Wednesday, October 5

Next-generation RNA technologies: making longer-lasting drugs with a broader reach

The key ingredient in the coronavirus vaccines developed by Moderna and BioNTech doesn’t last very long. Once in the body, this messenger RNA, or mRNA, degrades within days. Still, that’s enough time for the vaccines to train the body to recognize and attack the virus in the event of infection.

Drugmakers have long understood the potential of RNA. These strands of genetic information play an essential role in creating proteins and regulating genes, giving drugs that harness their power the potential to treat diseases once thought to be unreachable.

Over the last decade, drugs based on multiple RNA technologies, known as RNA interference and antisense oligonucleotides, have made it to market. Yet, it took a historic pandemic to thrust RNA into the global spotlight. Equipped with new tools, scientists are now exploring how other types can be used to make therapies that last longer and treat, as well as prevent, more diseases.

At least 10 biotechnology startups are developing next-generation RNA drugs. Though years of research lie ahead, these companies have already raised hundreds of millions of dollars from venture capitalists, large pharmaceutical firms and other investment groups.

If their work pans out, it could provide new treatments for cancer, rare diseases, and chronic illnesses that affect organs, the nervous system and the immune system.

What are next-generation RNA technologies, and how do they work?

The companies working toward this new wave of RNA-based drugs use different approaches.
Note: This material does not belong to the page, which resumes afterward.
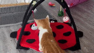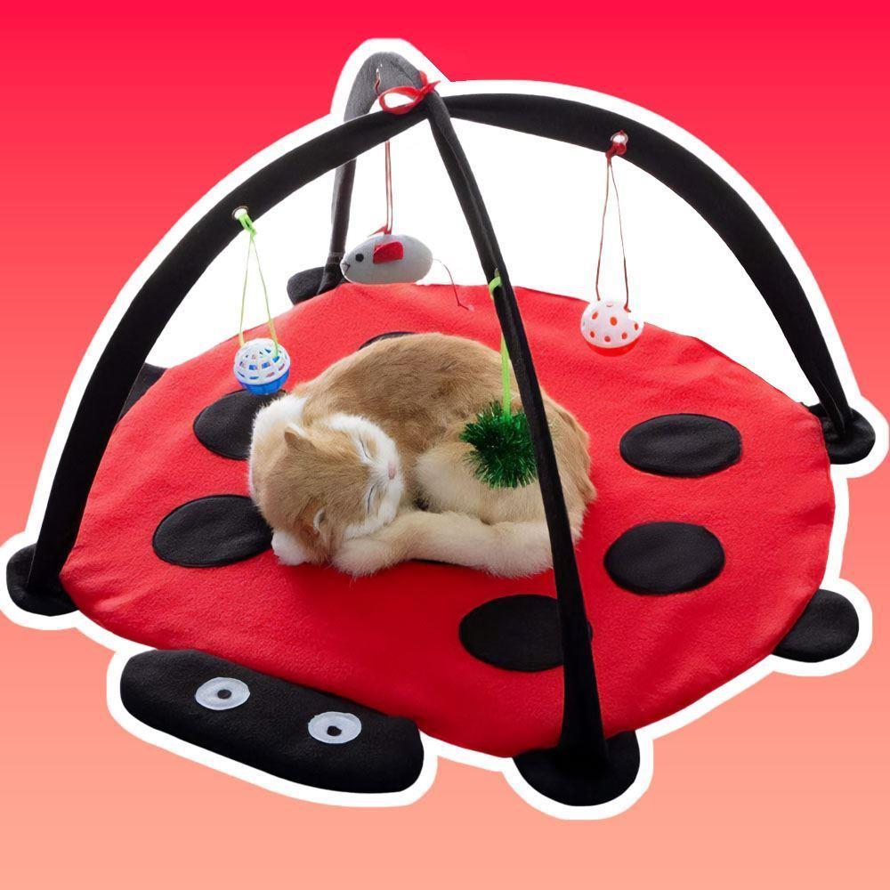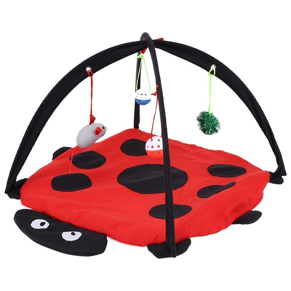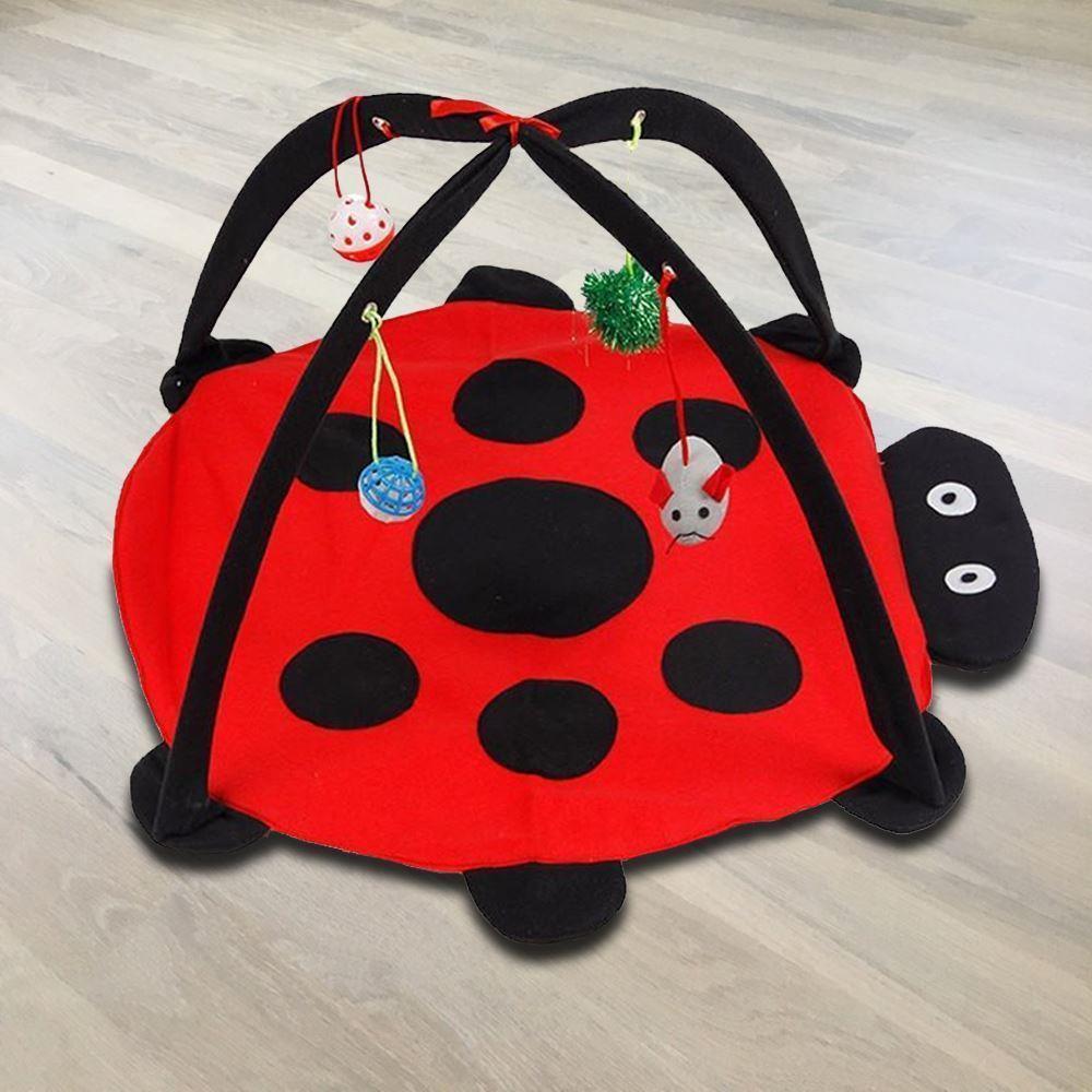 Pisicile și mai ales pisoiașii caută mereu stimulente pentru joacă. Covorașul de joacă pentru pisici oferă spațiu ideal pentru distracție și amuzament pentru felinele dumneavoastră. Covorașul are o construcție pliabilă pe care sunt atârnate jucării preferate de pisici, cum ar fi un șoricel de pluș, ciucuri verzi sau mingiuțe cu clopoței. Materialul fleece este foarte plăcut la atingere, iar întregul covoraș este confeționat într-un design de buburuză, astfel încât va arăta minunat în interior ca și element decorativ.

One of the most popular revolves around transfer RNA, which transports and delivers the molecular building blocks that cells need to make proteins. Alltrna, a startup that launched publicly late last year, claims to be able to engineer tRNA to correct for errors in the genetic code that would otherwise impair protein production. The company is one of many formed and financed by Flagship Pioneering, the biotech incubator and investor that founded Moderna. It’s also one of at least four pursuing tRNA in one way or another.

Another Flagship-backed company, Laronde, and a well-funded startup called Orna Therapeutics, are focused on what’s known as circular RNA. This type occurs naturally in cells and is considered much more stable than its mRNA counterpart. However, circular RNAs usually don’t make proteins.

Laronde and Orna are trying to change that through engineered versions of these molecules. Their technologies attempt to program synthetic circular RNAs with certain genetic codes, as well as outfit them with a site that many RNA viruses use to dock onto the cell’s protein-producing machinery.

Replicate Biosciences, a startup focused on self-replicating RNA, takes a page from viruses, too.

The company aims to strip viral RNA of its more worrisome attributes, like spreading uncontrollably across cells, but to leave intact the genetic instructions that allow it to continuously duplicate. This self-replicating RNA would then be designed to manufacture helpful proteins.

What advantages would this technology have over its predecessors?

Generally, these technologies are meant to overcome some of mRNA’s limitations.

Replicate’s method, for example, may lead to medicines that could be administered less frequently or at smaller doses.

Nathaniel Wang

Permission granted by Apple Tree Partners

 

“The difference with self-replicating RNA is we’re delivering a copy machine into the cell along with that instruction manual, so you can make a lot more copies and they last for a much longer period. And that creates a lot more protein,” Nathaniel Wang, one of the company’s co-founders, told BioPharma Dive in an interview last fall.

Another goal is to make more durable medicines, given that most RNA is quickly broken down and flushed from the cell. For companies working with circular RNA, one of the draws has been the molecule’s non-linear shape, which lacks the loose ends that digestive enzymes latch onto. Laronde executives have said that their approach could, in theory, help protein expression last weeks or months.